The verb "to love" is expressed in Hindi as "pyar karna" – directly translated, it means "to do love," rather than "to love." In the three months and change that I've spent in India, the distinction between these two expressions has grown increasingly clear to me.
New Delhi is not a place that you could wake up loving one day, just like that. At first glance (and second, third and fourth glance), it is loud, dirty and unfamiliar. Bodily functions, from peeing on down, are sidewalk affairs. Every rickshaw meter in Delhi is mysteriously broken, leaving the drivers free to charge you more than twice the meter rate to take you to your destination – and New Delhi is not a walking city. I have had my heart broken over and over by children begging through the sides of rickshaws, have wandered through unfamiliar neighborhoods aimlessly for hours, unable to understand people's directions, and have been frustrated to tears by the fact that, no matter how well I grow to know the city, I will never be able to blend in here. The learning curve of New Delhi is steep and unending – even now, mere days from the end of my time here, I find myself lost in space or translation, unable to consider myself "good" at Delhi.

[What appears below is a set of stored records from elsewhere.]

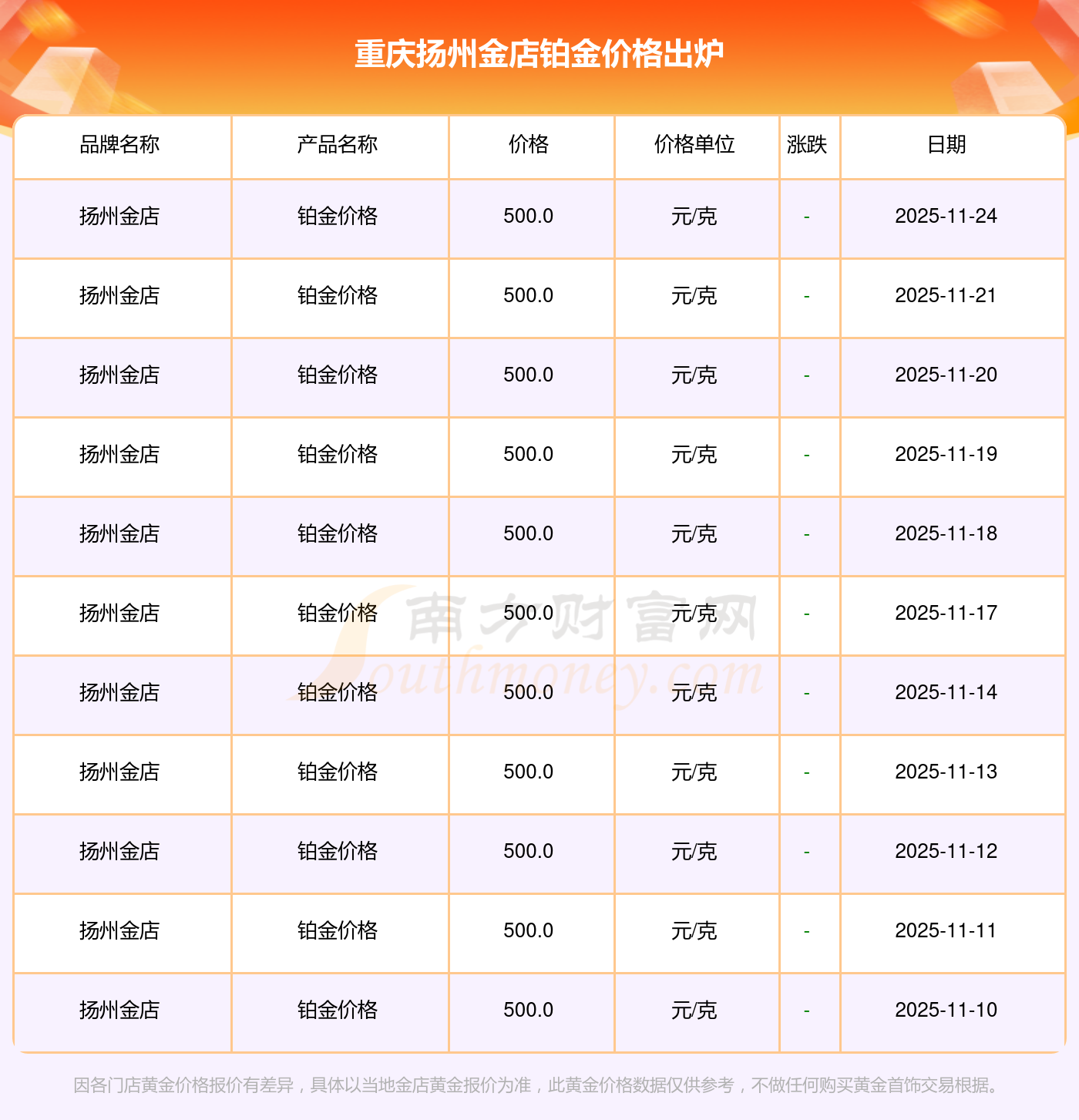 今日重慶揚(yáng)州金店鉑金價(jià)格最新為:500.0元/克。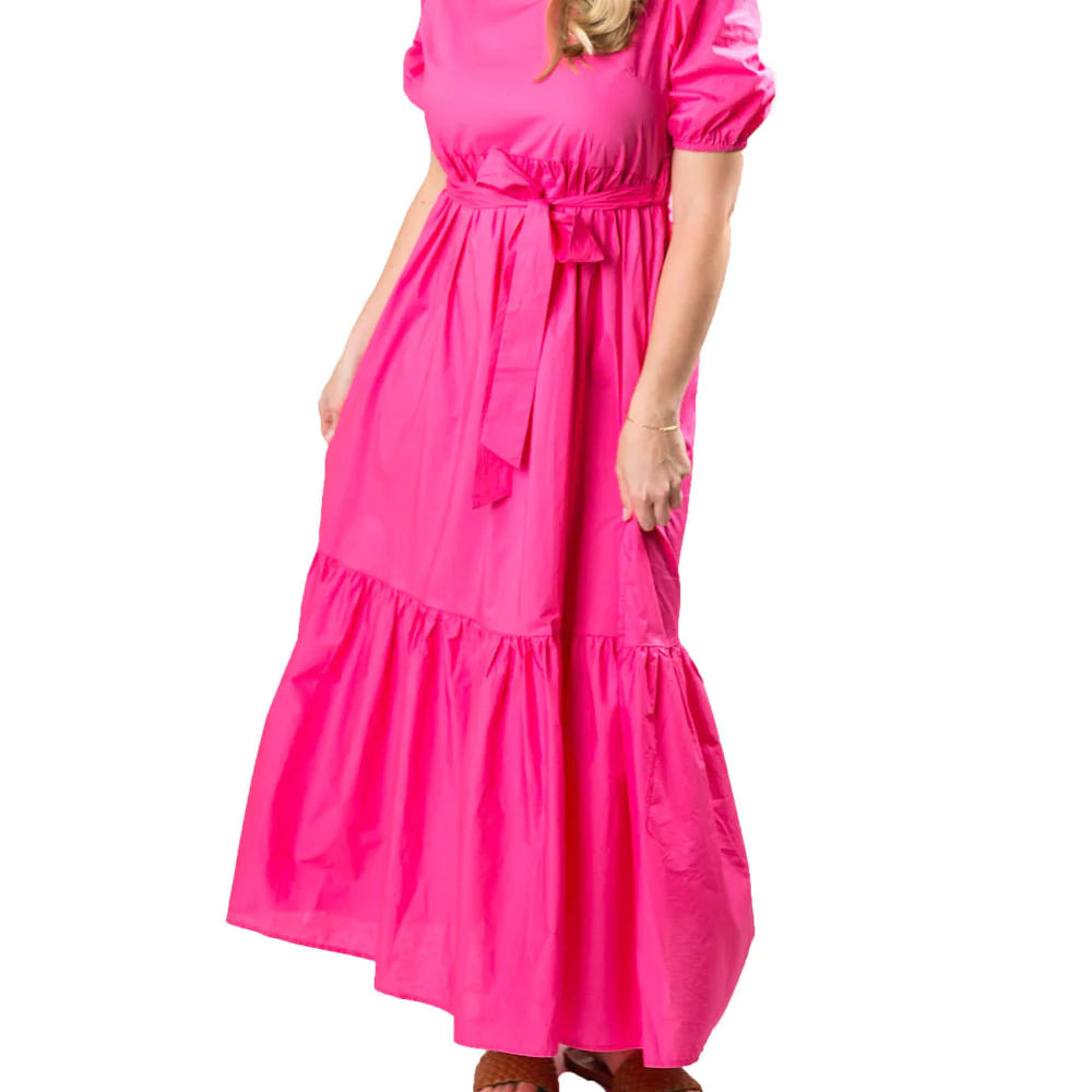 New! This dress is a timeless blend of chic and classic style. It features an empire waist that flows into a single tier maxi length dress. A tie sash wraps around the waist that makes the sizing easy and comfortable. The puffed short sleeves are elasticized for a comfy fit, while the v-neckline offers an oh-so-flattering look. The back zipper provides an effortless way to slip into and out of your dress. The poplin-like material gives it a fresh, crisp look that's perfect for any occasion. Style this with a Top It Off straw hat and clutch for a wow-worthy look! 100% cotton.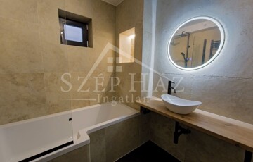 A felújítás során minden megújult: új elrendezés, modern gépesített konyha, hűtő-fűtő klíma, valamint saját garázs és kertkapcsolat teszi teljessé az otthont.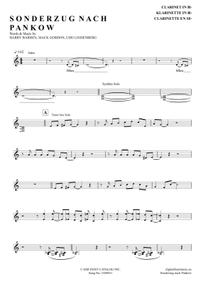 Sonderzug Nach Pankow - Noten für Klarinette in B Udo Lindenberg

It is hard to get past the fact that, no matter the situation, leaving the house means exposing yourself to the inevitable inconveniences of day-to-day life in Delhi. If I hadn't been lucky enough to spend my last month of my semester completing an independent study project in New Delhi, it is a very real possibility that I would have left this city with a casual fondness for it, at best. And that would have been a shame, because at fifth glance (and sixth, seventh and eighth glance), I started to see beyond the rickshaws, poverty and language barriers. New Delhi is a layered, nuanced and complicated city – and with its immense cultural, religious, archeological and political history, it has every right to be.

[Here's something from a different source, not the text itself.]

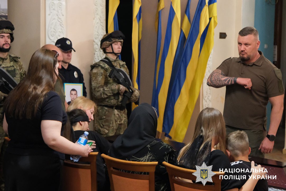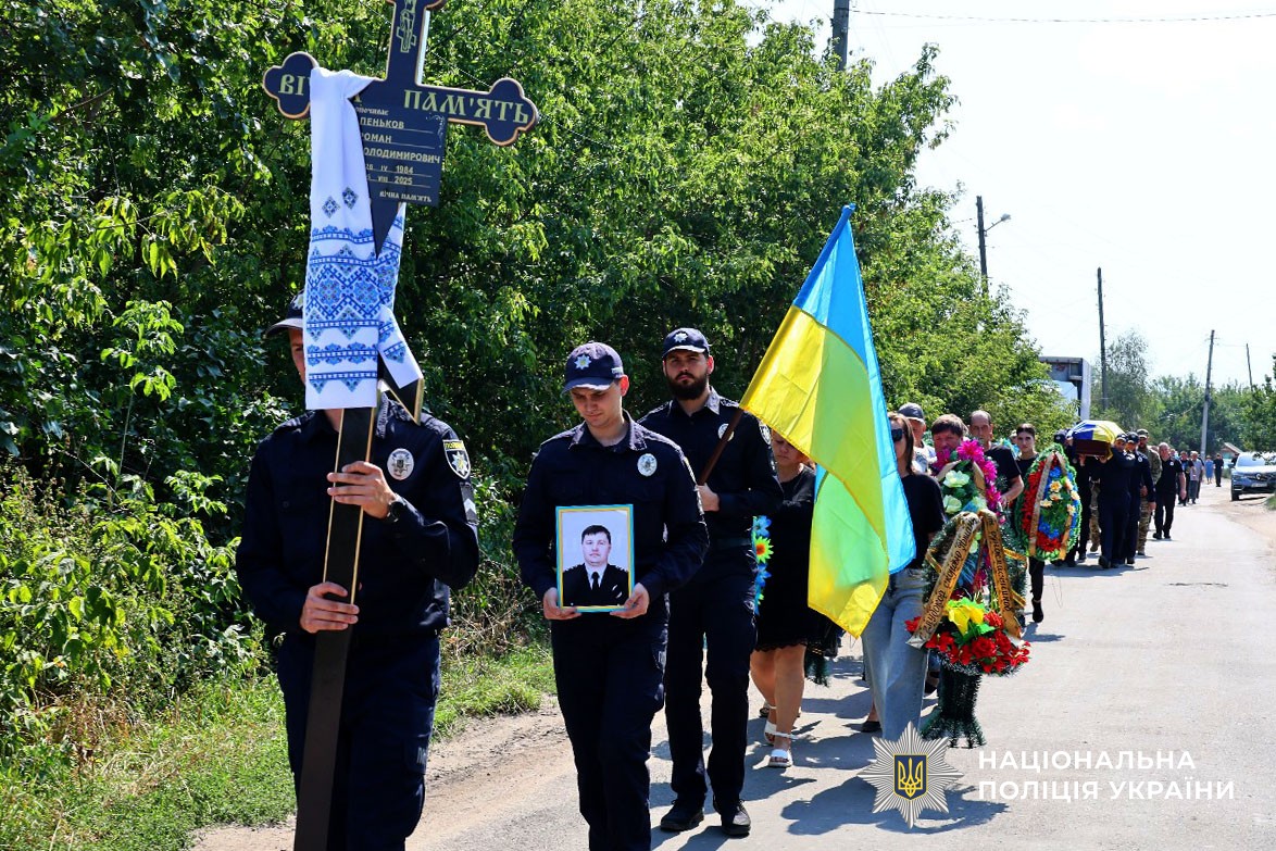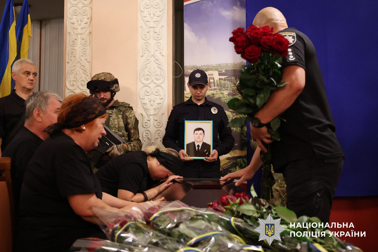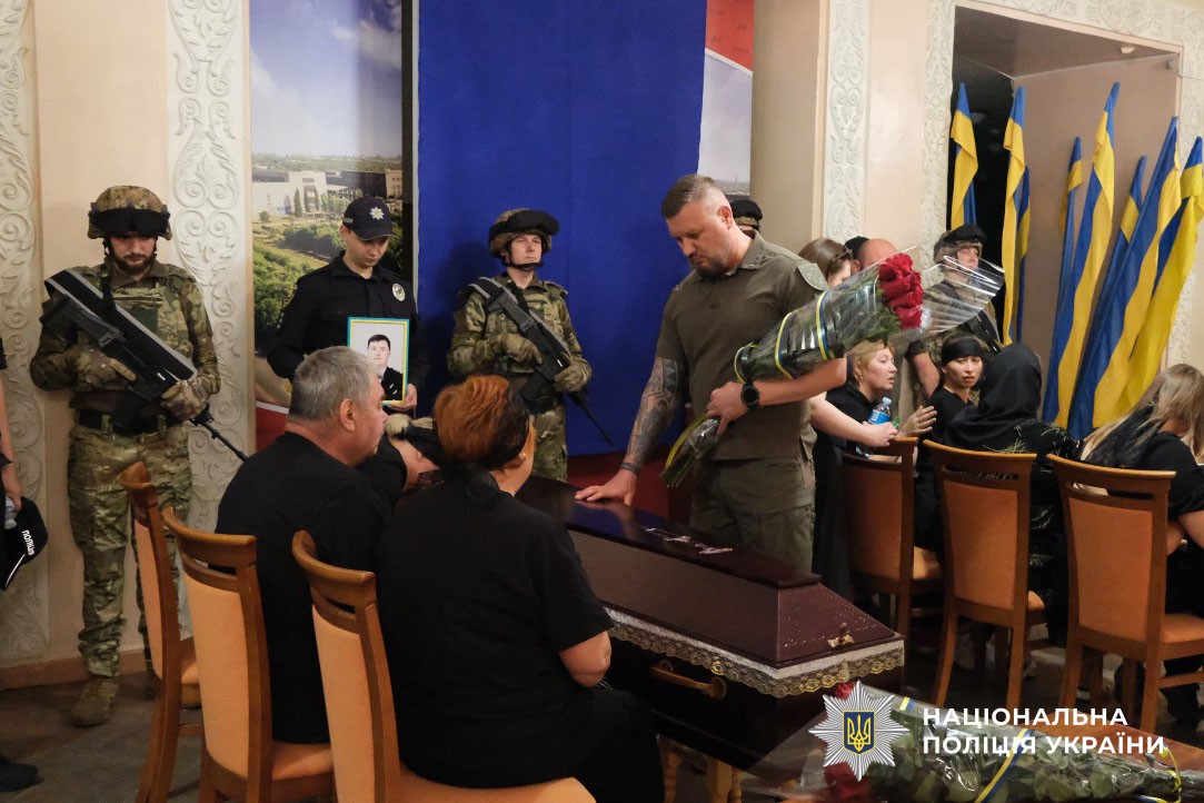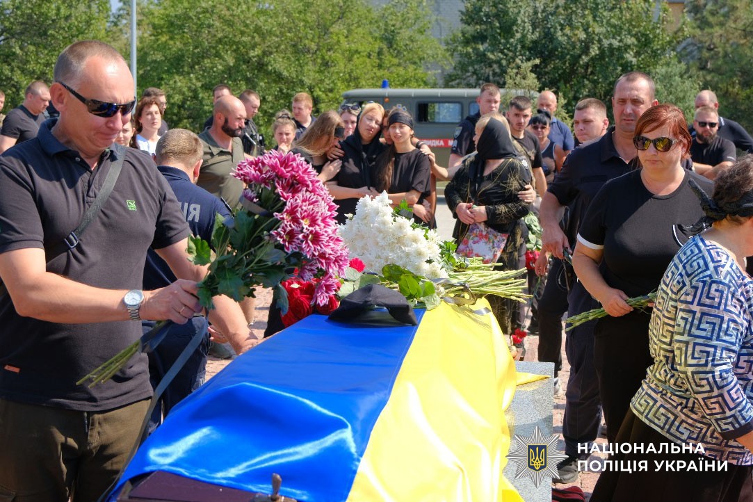 Під час прощання начальник ГУНП в Донецькій області Руслан Осипенко зазначив, що серпень видався важким для поліції Донеччини, яка з початку місяця втратила вже вісьмох співробітників:

Freed from the inhibiting time-constraints of daily classes, it only took me a few days to feel ashamed of how much I'd underestimated Delhi. There are beautiful, laughable and enjoyable experiences to be had in New Delhi, but they will not come to you. It was by venturing blindly to an unknown subway stop with my friend, asking every person we encountered where we could find the “kuwa, neeche” or "well, under" (in an attempt at communicating "stepwells"), and putting our faith in an advantageous but kind rickshaw driver that I found my favorite place in Delhi – the Agrasen ki Baoli, an immensely old, absurdly under-visited stepwell, just a 10 minute walk from Connaught Place, one of the commercial centers of Delhi.

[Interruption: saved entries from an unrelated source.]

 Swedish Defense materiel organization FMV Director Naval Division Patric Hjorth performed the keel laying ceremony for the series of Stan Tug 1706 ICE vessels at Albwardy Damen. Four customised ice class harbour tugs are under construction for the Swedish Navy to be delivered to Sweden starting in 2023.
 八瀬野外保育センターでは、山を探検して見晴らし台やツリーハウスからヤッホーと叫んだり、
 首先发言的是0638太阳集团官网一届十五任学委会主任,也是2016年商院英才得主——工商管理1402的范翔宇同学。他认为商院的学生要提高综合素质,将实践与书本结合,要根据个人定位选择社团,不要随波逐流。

In my time here, I have grown accustomed to the ceaseless honking of traffic, the cows lounging on the medians of the highways and telling people “I am a student, not a tourist!” I have learned to use a squat toilet like it ain’t no thang, and am dreading going back to a country with no rickshaws … go figure.
I found that, once I started peeling back the layers of the city, each new thing I found to visit, learn about or experience stuck to my heart. I don't love New Delhi – that implies that what I feel for this place is a frozen state, confined solely to myself. I am continuously, actively inflicting the feeling of love on this city, even as it inflicts its own crazy self right back on me.